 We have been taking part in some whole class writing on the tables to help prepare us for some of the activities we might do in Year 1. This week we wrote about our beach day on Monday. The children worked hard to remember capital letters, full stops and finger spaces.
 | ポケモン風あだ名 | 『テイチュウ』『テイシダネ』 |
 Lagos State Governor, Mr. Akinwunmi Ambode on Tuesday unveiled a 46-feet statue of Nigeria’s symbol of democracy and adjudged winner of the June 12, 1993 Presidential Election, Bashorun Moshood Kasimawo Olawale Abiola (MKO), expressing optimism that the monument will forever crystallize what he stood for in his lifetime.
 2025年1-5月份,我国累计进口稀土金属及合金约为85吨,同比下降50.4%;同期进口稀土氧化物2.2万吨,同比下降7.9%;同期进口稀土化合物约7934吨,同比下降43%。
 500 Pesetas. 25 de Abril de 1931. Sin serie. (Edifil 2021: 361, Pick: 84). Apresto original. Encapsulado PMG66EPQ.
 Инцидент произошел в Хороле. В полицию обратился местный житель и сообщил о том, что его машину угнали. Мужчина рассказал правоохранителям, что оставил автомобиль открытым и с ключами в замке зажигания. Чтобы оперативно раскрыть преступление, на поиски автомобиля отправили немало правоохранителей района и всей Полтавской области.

* * *

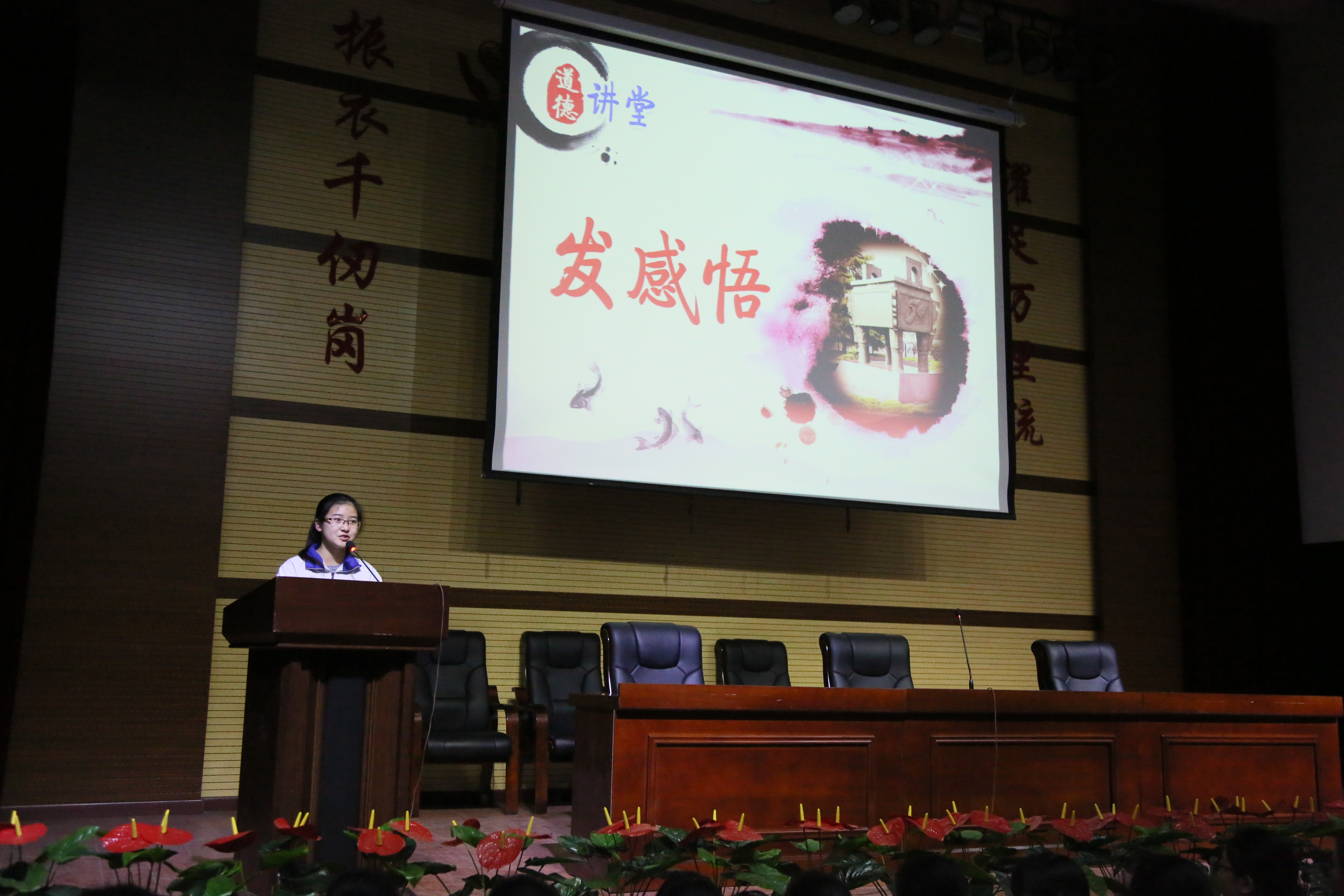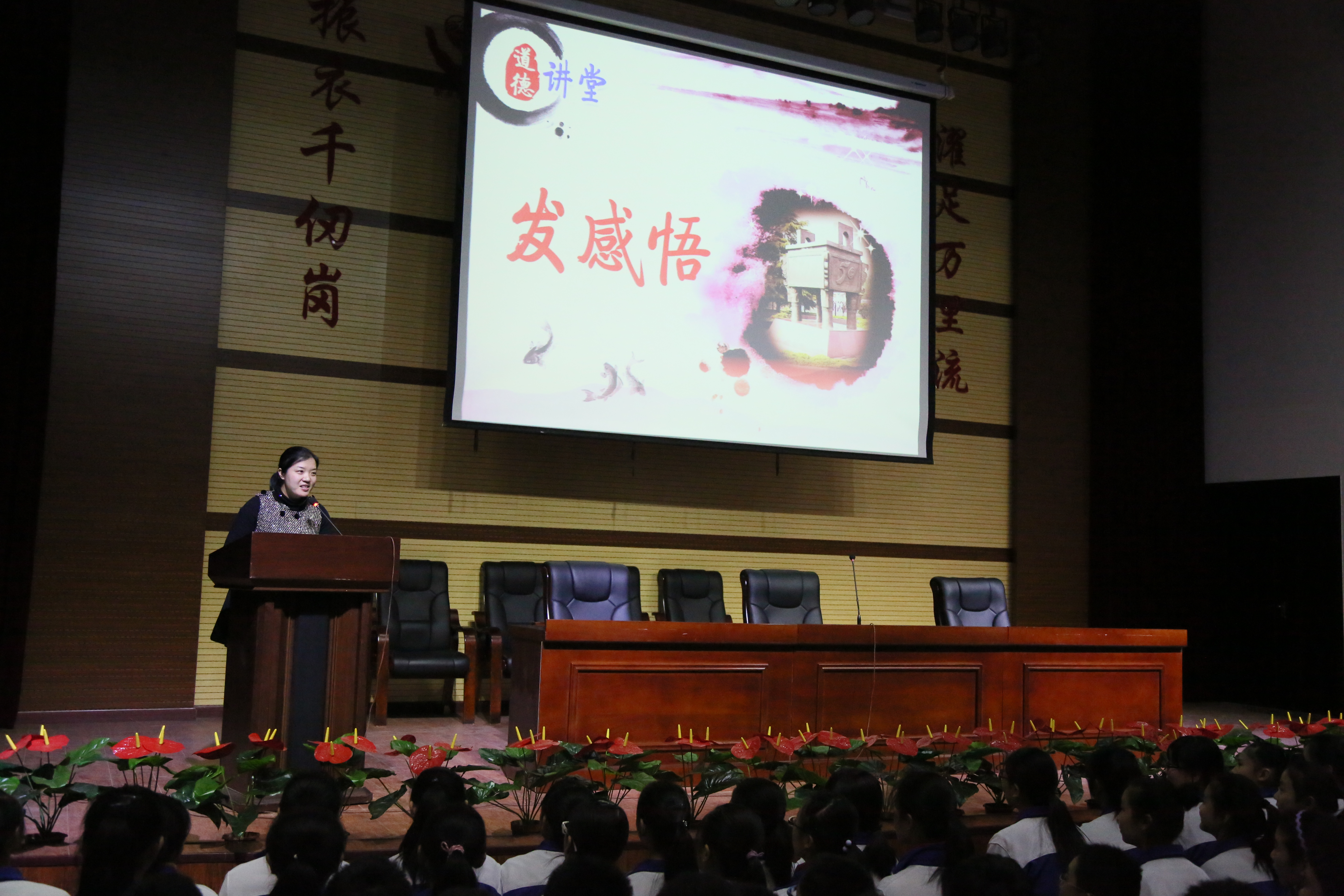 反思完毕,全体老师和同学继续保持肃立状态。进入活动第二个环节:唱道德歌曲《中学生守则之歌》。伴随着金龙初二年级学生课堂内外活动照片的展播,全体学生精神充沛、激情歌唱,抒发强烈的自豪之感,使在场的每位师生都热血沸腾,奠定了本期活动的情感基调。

...

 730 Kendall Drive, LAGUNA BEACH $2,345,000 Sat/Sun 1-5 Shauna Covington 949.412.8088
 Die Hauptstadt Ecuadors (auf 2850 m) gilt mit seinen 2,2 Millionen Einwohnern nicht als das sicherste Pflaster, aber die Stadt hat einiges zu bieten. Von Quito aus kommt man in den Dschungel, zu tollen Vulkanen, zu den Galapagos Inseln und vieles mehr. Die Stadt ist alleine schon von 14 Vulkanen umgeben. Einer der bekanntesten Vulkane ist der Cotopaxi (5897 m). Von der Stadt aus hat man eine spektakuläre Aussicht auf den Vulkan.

• _Problem_: Within the material above, output exactly the lines from the one with "2025年1-5月份,我国累" through the one with "500 Pesetas. 25", end lines included, and nothing besides.

• _Reply_:
 2025年1-5月份,我国累计进口稀土金属及合金约为85吨,同比下降50.4%;同期进口稀土氧化物2.2万吨,同比下降7.9%;同期进口稀土化合物约7934吨,同比下降43%。
 500 Pesetas. 25 de Abril de 1931. Sin serie. (Edifil 2021: 361, Pick: 84). Apresto original. Encapsulado PMG66EPQ.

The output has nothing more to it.